Gawker Media, LLC v. Dep't of State, No. 15-0363, 2017 WL 3049401 (D.D.C. July 17, 2017) (Jackson, J.)
Gawker Media, LLC v. Dep't of State, No. 15-0363, 2017 WL 3049401 (D.D.C. July 17, 2017) (Jackson, J.)
Re: Request for e-mail communications between former Deputy Assistant Secretary of State and list of 34 media outlets
Disposition: Denying plaintiffs' cross-motion for discovery
- Procedural Requirements, Searching for Responsive Records: "[The] Court rejects Plaintiffs' contention that the Court cannot adequately assess the extent to which State successfully discharged its FOIA search obligations . . . without further details regarding the nature of [the former Deputy Assistant Secretary of State's] threshold search of his personal files." "To the contrary, the Court concludes that the FOIA imposes no obligation on an agency to solicit or produce documents held solely by a former agency official, at least in the absence of evidence indicating that the agency or its former employee maintained the documents outside the agency's custody in an attempt to thwart FOIA obligations." Here, the court finds that "[plaintiff's] have also been unable to identify anything in the record here that even remotely suggests bad faith – i.e., that State was attempting to thwart its FOIA obligations by encouraging its employees to use personal email accounts, or that [the former Deputy Assistant Secretary of State] was engaged in a deliberate effort to prevent the requested documents from being produced."

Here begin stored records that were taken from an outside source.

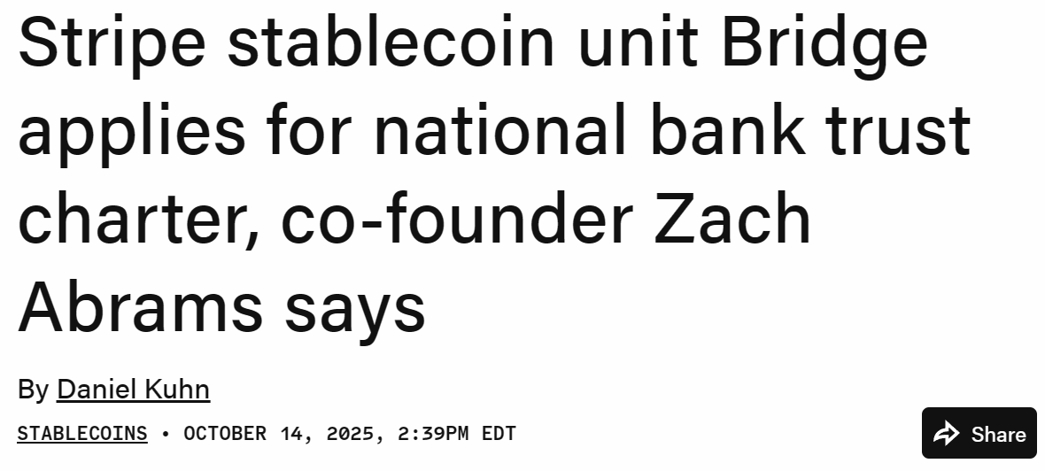 - Stripe 旗下稳定币公司 Bridge 申请美国国家银行信托牌照
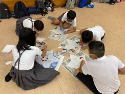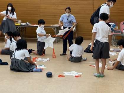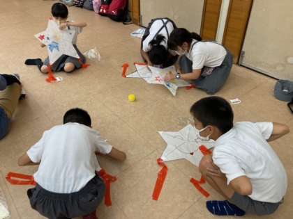 林間学習最後の活動は「星凧作り」です。好きな絵柄を描いて、ひごを組み、凧を仕上げていきます。完成した星凧はみんなのお土産になります。
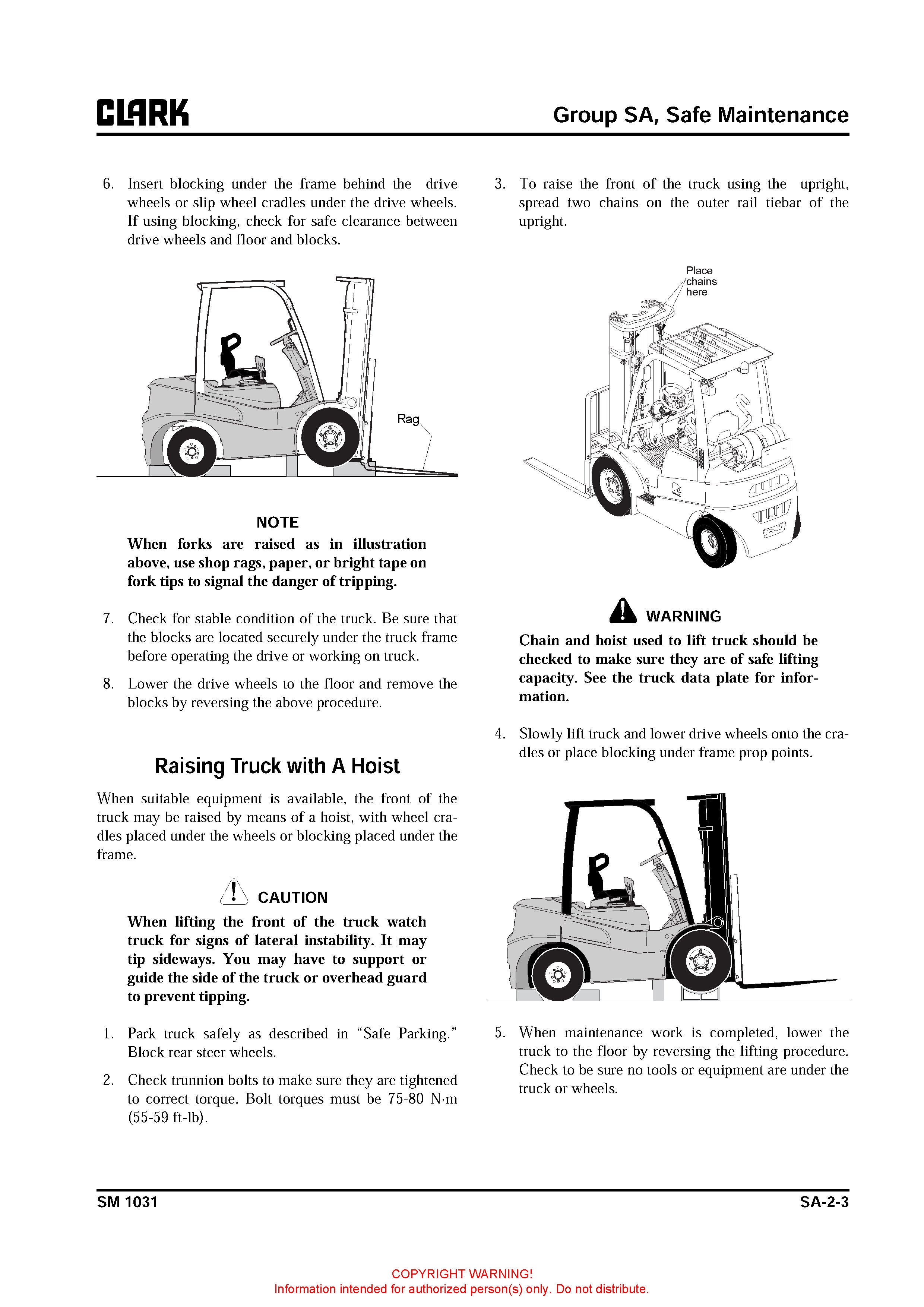 Clark SM-1031 Forklift Service Repair Manual - PDF Download
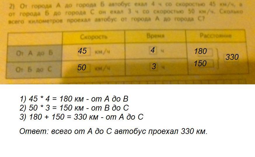 2) От города А до города Б автобус ехал 4 ч. со скоростью 50 км/ч.
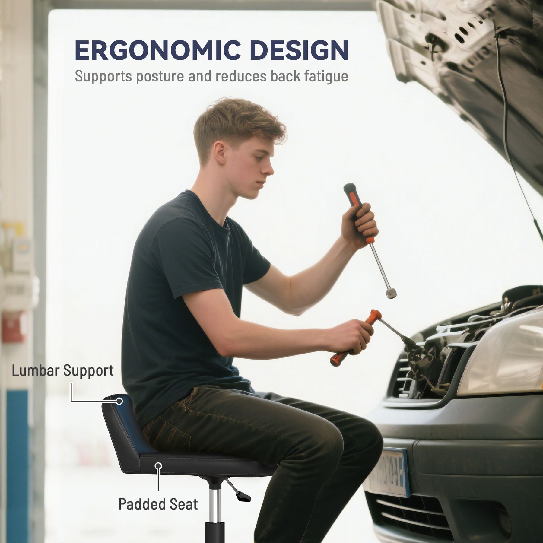 - Easy-to-Clean Padded Seat: Work in lasting comfort with the cushioned seat and built-in lumbar support that reduces back strain. The plastic cover resists stains and wipes clean in seconds, keeping your stool looking fresh with minimal effort
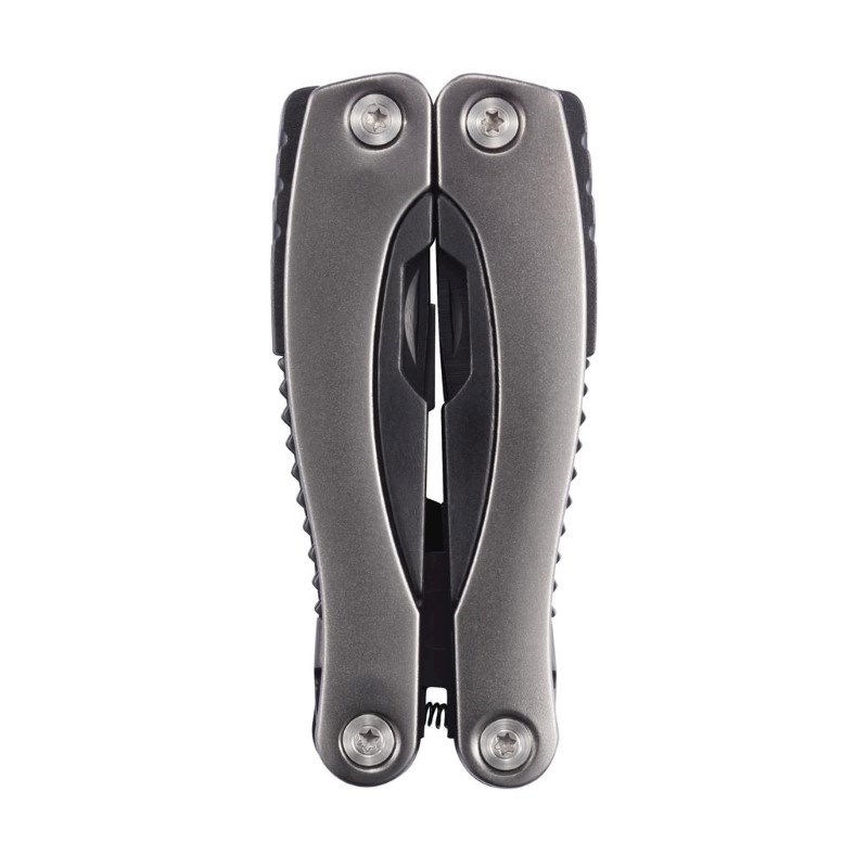 14 functies roestvrijstalen multitool met geanodiseerd aluminium handvat, verpakt in etui.
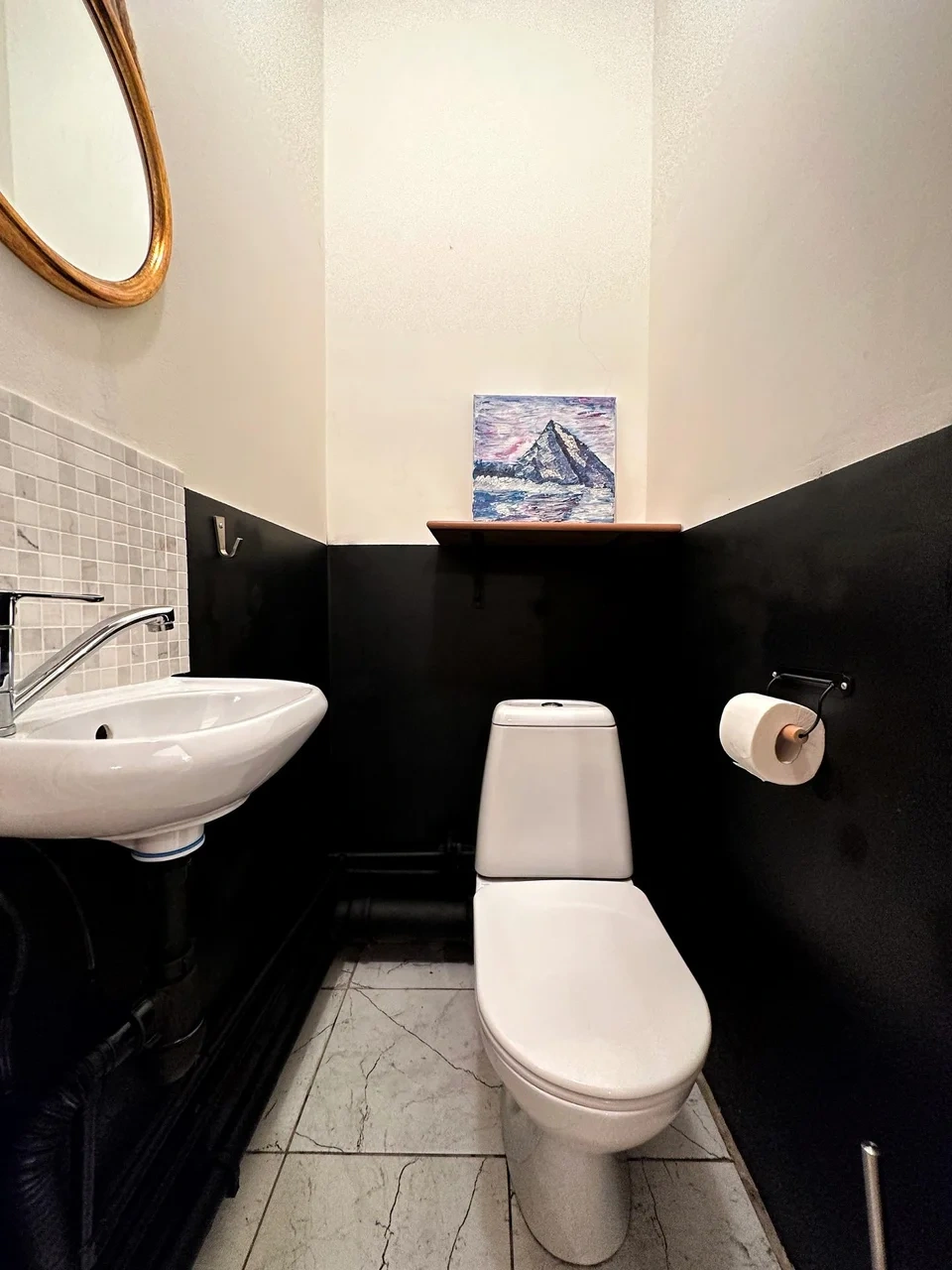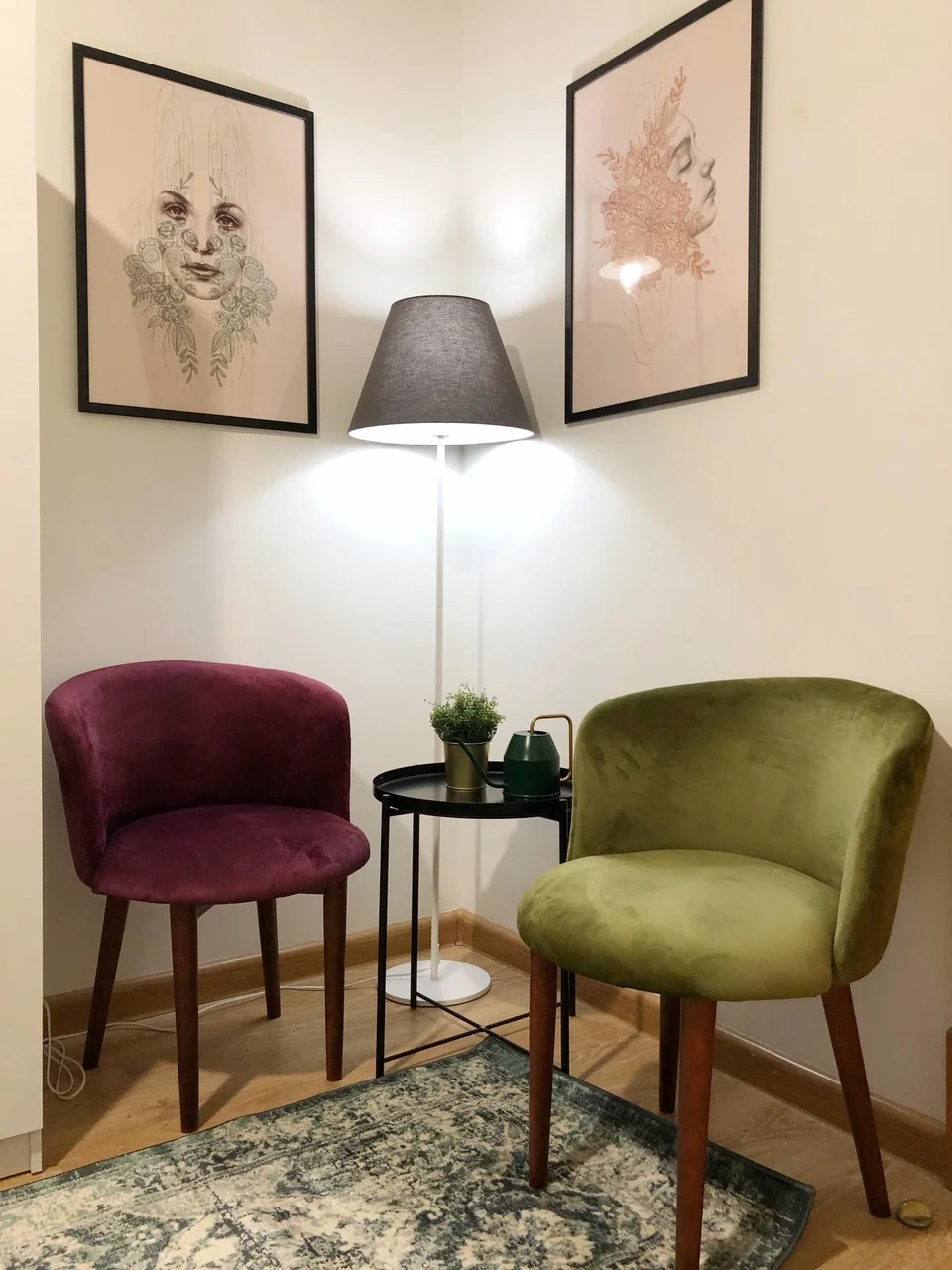 Просторный номер отличается воздушным дизайном и функциональностью. В номере есть 2 слипбокса, которые при желании превращаются в 1 большую кровать king-size. Также имеется кофейная зона, комод, шкаф, зеркало, полочки. Освещение включает: основной свет и торшер. Гостям предоставляется бесплатный WI-FI, постельное белье и полотенца. Душ и туалет в общем доступе.
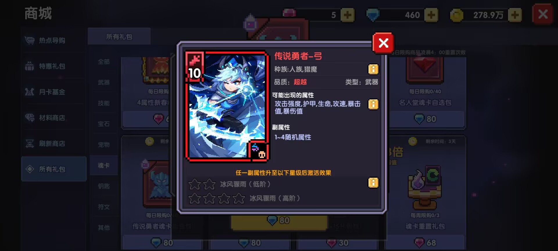 五:刷新商店里面的魂卡商店(建议大家看到了深渊猎人-龙息、堕落天使-昔拉、堕落天使-切茜娅、堕落天使-路西法、偶像克罗塞尔都可以买一下)
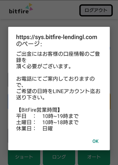 また、「出金する」のボタンを押すと以下のメッセージがでます。
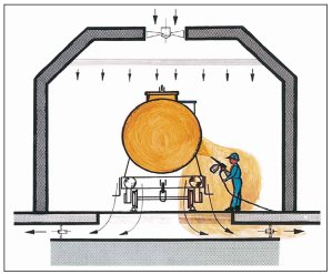 Der Spritzstand ist der Lackierarbeitsplatz, an dem die geringste Belastung des Lackierers durch Lacknebel zu erwarten ist, gefolgt von der Spritzkabine, die allerdings den besten Schutz für andere Personen außerhalb der Kabine bietet.
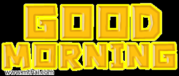 A yellow sign displaying 'Good Morning' text, with subtle flickering effects.
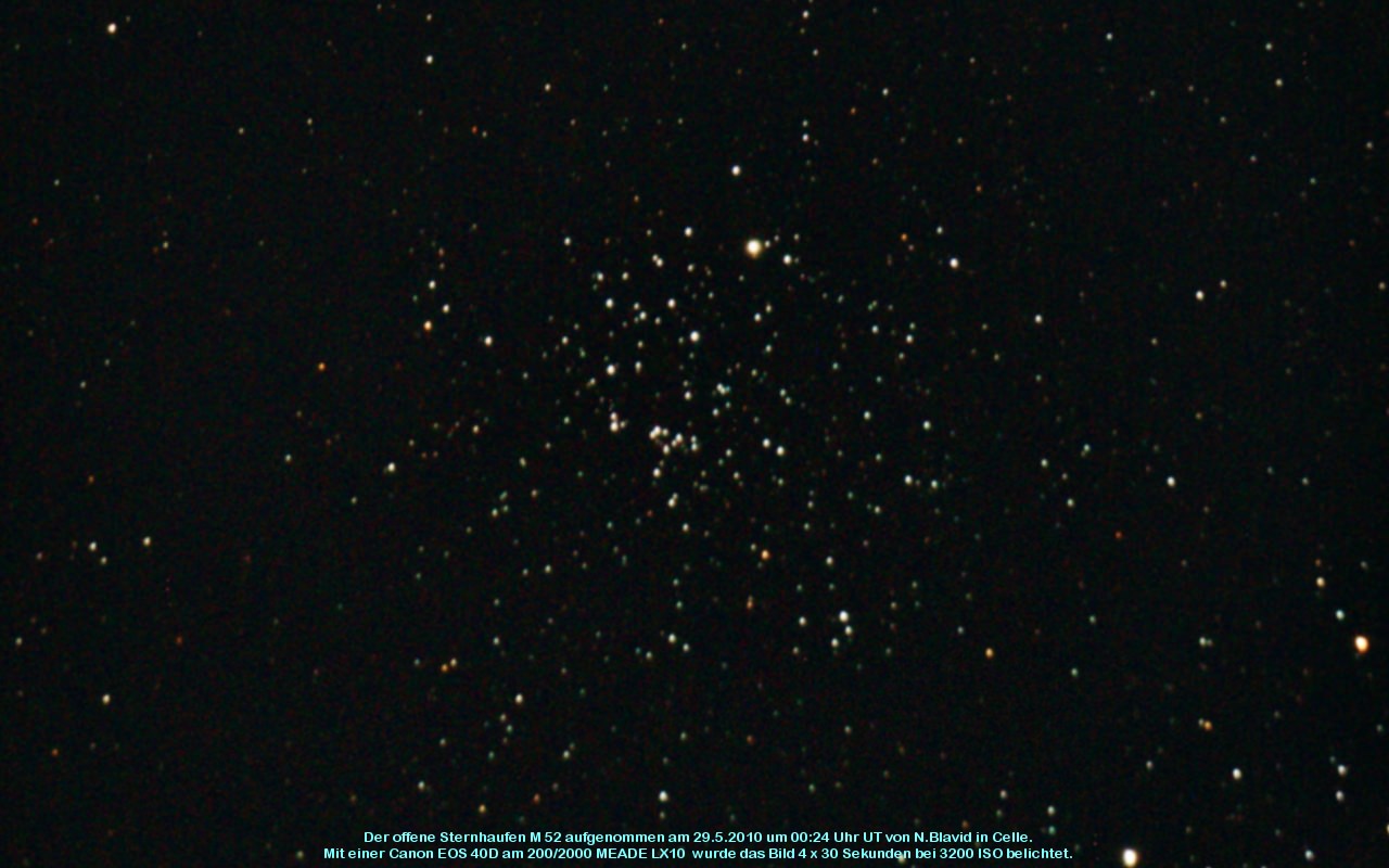 M 52 ist ein offener Sternhaufen mit ca. 200 Sternen. Er ist vom Typ I 2 r, sein Alter wird auf 35 Millionen Jahre geschätzt. Entdeckt wurde er 1774 von Charles Messier. Unter guten äußeren Bedingungen ist er mit bloßem Auge sichtbar, in Mitteleuropa aber eher nicht, da er hier immer horizontnah ist.
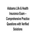 Prepare thoroughly for the Alabama Life and Health Insurance Exam with this comprehensive Questions and Answers Study Guide, updated for 2026–2027. Includes verified practice questions, detailed explanations, and essential concepts covering life and health insurance policies, underwriting, ethics, and Alabama state regulations. Designed to help candidates strengthen knowledge, boost confidence, and successfully pass the Alabama Life and Health Insurance Exam using the latest 2026–2027 update...
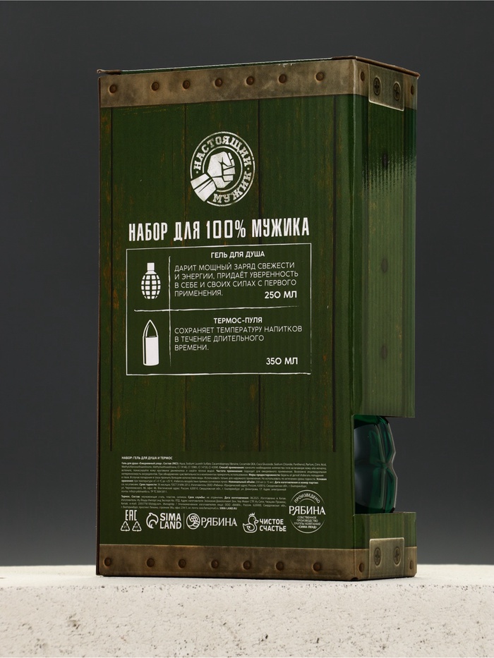 Технические характеристики Подарочный набор мужской «№1», гель для душа граната и термос - пуля, Чистое счастье
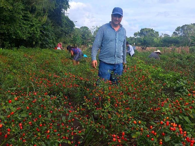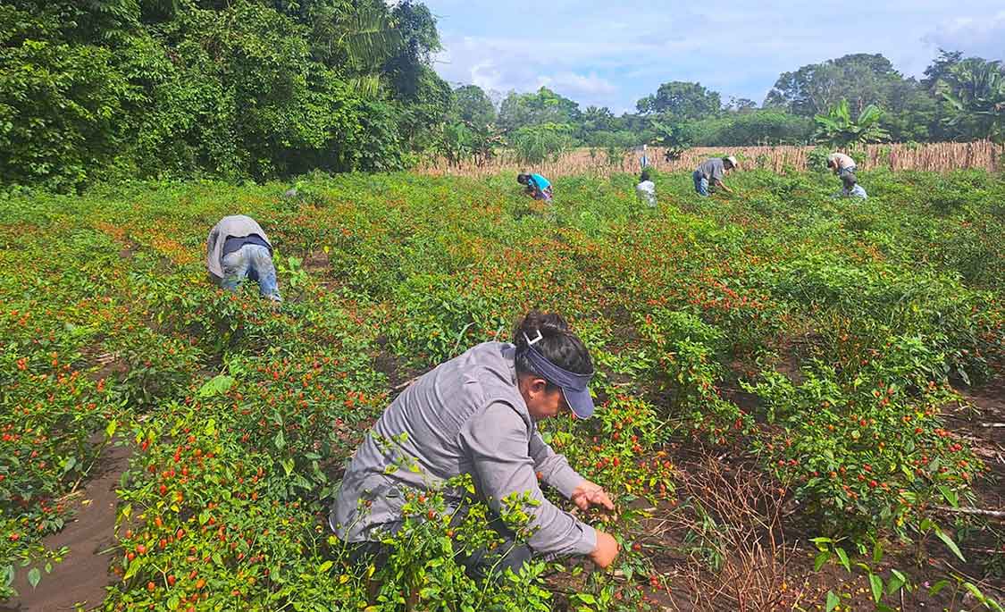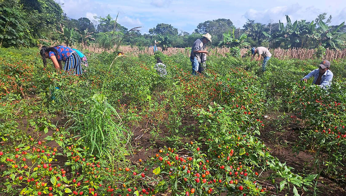 El Ministerio de Agricultura, Ganadería y Alimentación (MAGA), continúa con el apoyo técnico a las y los pequeños agricultores en Petén, el cual se brinda por medio del Viceministerio Encargado de Asuntos del Petén (VIPETÉN) y sus oficinas, como se hizo esta semana durante el corte de chile cobanero en el caserío Agua Blanca, Dolores, Petén.

- Litigation Considerations, Discovery: "Even assuming, arguendo, that State had an obligation under the FOIA to retrieve and search records outside of its custody and control in order to fulfill its duty to respond to Plaintiffs' document request, [the] Court finds that Plaintiffs' request for information about the nature and scope of [the former Deputy Assistant Secretary of State's] record search would still be far out of bounds." The court explains that "an agency's threshold determination regarding which records to retain in its files is entirely distinct from the agency's subsequent search of maintained records pursuant to the FOIA – and these two duties should not be conflated." "It is clear to [the] Court that when [the former Deputy Assistant Secretary of State] searched his private email account for federal records, he was operating in the realm of making the same type of initial retention decisions that are, as a matter of State Department policy, always delegated to individual employees and rarely, if ever, detailed in a FOIA affidavit." "Plaintiffs may reasonably be concerned that [the former Deputy Assistant Secretary of State] should have undertaken his retention responsibilities prior to his departure from State, but the fact that he failed to search his private email account for federal records before leaving the government does not change the fundamental nature of his task, nor does it alter the reality that State employees are not ordinarily required to provide an account of their retention decisions in a FOIA affidavit."